De mannelijke urethra kan worden onderverdeeld in vier anatomische delen:
#### 3.1.1 Pars intramuralis
Dit is het eerste deel, ongeveer 1 cm lang, dat zich in de blaaswand bevindt en omgeven is door de *musculus sphincter internus urethrae*. Deze inwendige sluitspier is onwillekeurig en wordt niet bewust gecontroleerd [16](#page=16).
#### 3.1.2 Pars prostatica
Dit deel is ongeveer 3 cm lang en loopt door de prostaatklier. Hier bevinden zich de openingen van verscheidene structuren, waaronder de ductus ejaculatores [16](#page=16).
#### 3.1.3 Pars membranacea
Met een lengte van 1 tot 2 cm is dit het nauwste deel van de mannelijke urethra. Het bevindt zich in het *spatium perinei profundum* [16](#page=16).
#### 3.1.4 Pars spongiosa
Dit is het langste deel van de mannelijke urethra en loopt door het *corpus spongiosum* van de penis tot aan de *meatus urethrae externa*. Verscheidene openingen zijn hier te vinden, waaronder die van de glandula bulbourethralis [16](#page=16).
### 3.2 De vrouwelijke urethra
De vrouwelijke urethra is aanzienlijk korter, met een lengte van ongeveer 3 tot 4 cm. Het is een rechtlijnige passage die door de bekkenbodem en het perineum loopt. Vanwege deze kortere en rechtlijnige anatomie is de vrouwelijke urethra gemakkelijker te sonderen en uit te voeren voor cystoscopie (het bekijken van de blaas met een scoop) [18](#page=18).
> **Tip:** De korte afstand tussen de vagina en de blaas bij vrouwen kan bijdragen aan een verhoogd risico op infecties van de urinewegen.
#### 3.2.1 Pathologie: Urineweginfecties bij vrouwen
De proximale ligging van de urethrale opening ten opzichte van de anale regio en de korte urethra maken vrouwen vatbaarder voor bacteriële kolonisatie en opstijgende infecties. Een bekend voorbeeld hiervan is "Honeymooncystitis", een urineweginfectie die vaak optreedt na het eerste seksuele contact, vermoedelijk door de mechanische inbrenging van bacteriën [18](#page=18).
---
# De prostaat: structuur, ligging en pathologie
Deze sectie behandelt de anatomische kenmerken van de prostaat, zijn positie in het lichaam ten opzichte van omliggende structuren zoals de urethra en de blaas, en veelvoorkomende pathologische aandoeningen zoals hypertrofie en prostaatcarcinoom.
### 4.1 Structuur en anatomie
De prostaat is een klier met de grootte van een kastanje, ongeveer 4 x 3 x 2 cm, en wordt anatomisch vergeleken met een omgekeerde kegel. Het orgaan bevat 30-40 individuele klieren die een wit, alkalisch secreet produceren, wat een bijdrage levert aan het sperma. Dit alkalische vocht helpt de zaadcellen te overleven in het zure milieu van de vagina. De prostaat ligt onder de blaashals en de urethra (urinebuis) trekt erdoorheen [20](#page=20).

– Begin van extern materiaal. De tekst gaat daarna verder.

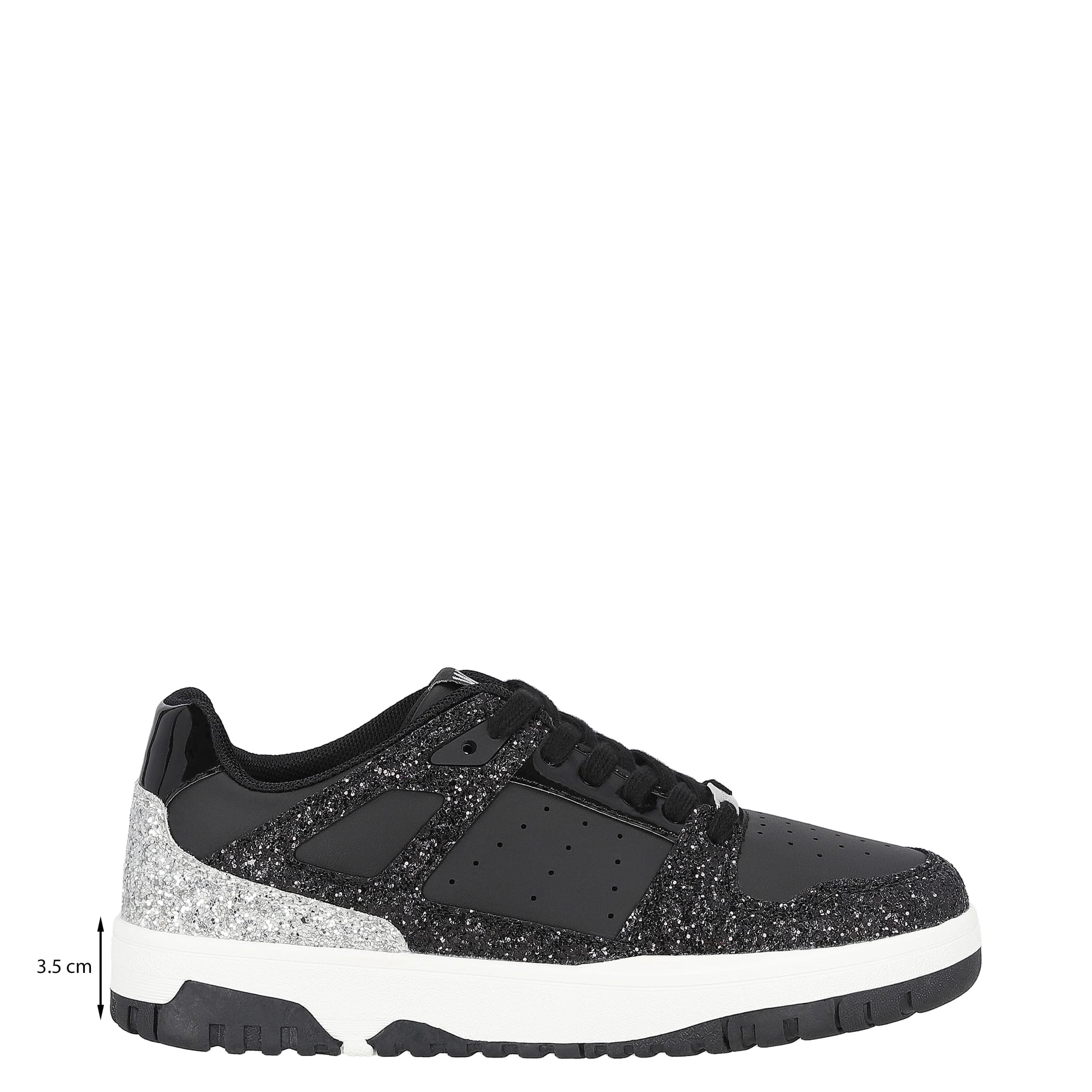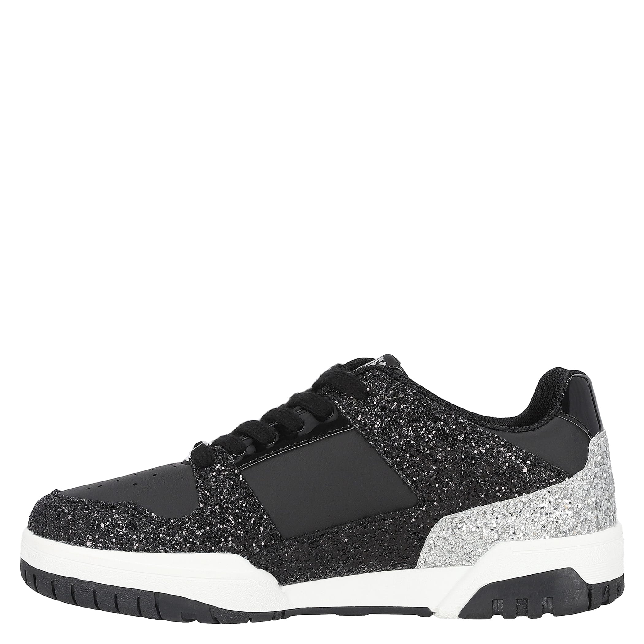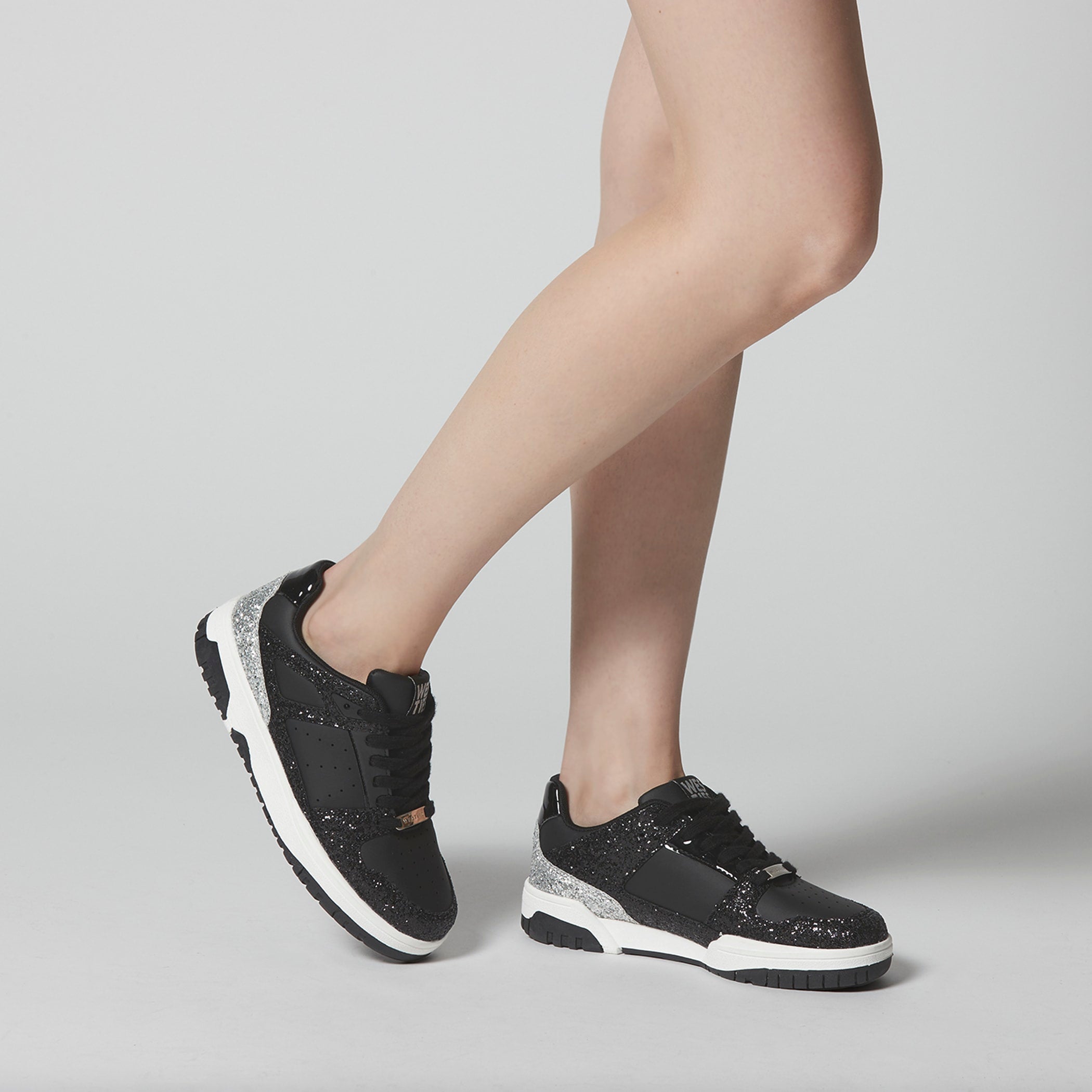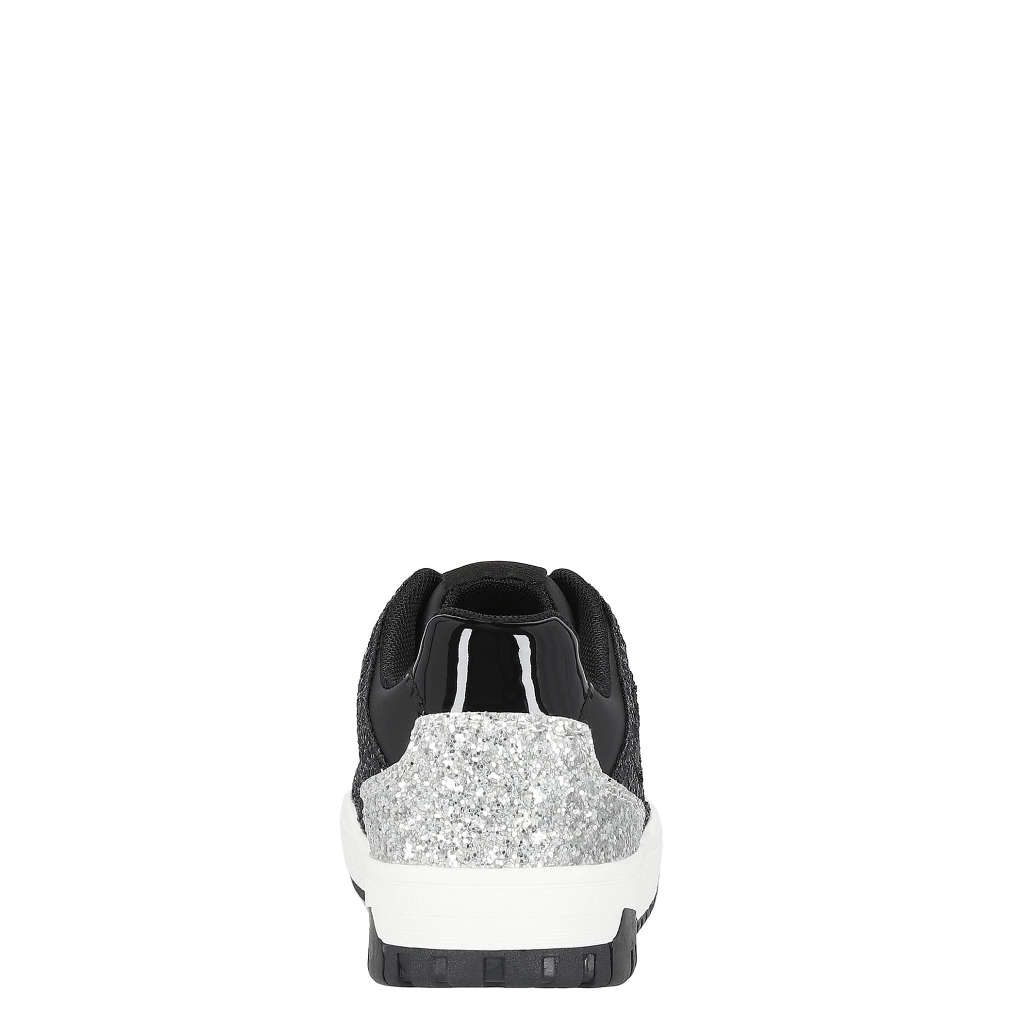 Tenis Westies para mujer elaborado en material sintético con aplicación de glitter, estampado liso, fijación de agujeta, punta redonda, textura lisa, forro textil, cuña flat y suela de inyección.

#### 4.1.1 Ligging en fixatie
De prostaat bevindt zich ventraal van het rectum (endeldarm) en is gelegen achter de symphysis pubica (schaambeenvoeg) en caudaal van de vesica urinaria (urineblaas). De fascia van Denonvilliers, ook wel fascia rectoprostatica genoemd, scheidt de prostaat van het rectum. Ventraal wordt de prostaat omgeven door de fascia prostatae, die de veneuze plexus (het corpus cavernosum urethrae) omvat. De prostaat rust op de M. levator ani, met specifieke vezels die de M. levator prostatae vormen. Het meest caudale deel van de peritoneale holte bij de man bevindt zich boven de prostaat, met de excavatio rectovesicalis als de meest caudale inkeping van het peritoneum [20](#page=20) [21](#page=21).
#### 4.1.2 Palpatie
De achterzijde van de prostaat kan rectaal worden gepalpeerd. Normaal gesproken zijn een mediane sulcus en twee lobben voelbaar. De consistentie van de prostaat kan veranderen bij pathologie [22](#page=22):
* Normaal: consistentie van een neuspunt [22](#page=22).
* Benigne prostaathypertrofie: consistentie van een kin [22](#page=22).
* Prostaatcarcinoom: consistentie van een voorhoofd [22](#page=22).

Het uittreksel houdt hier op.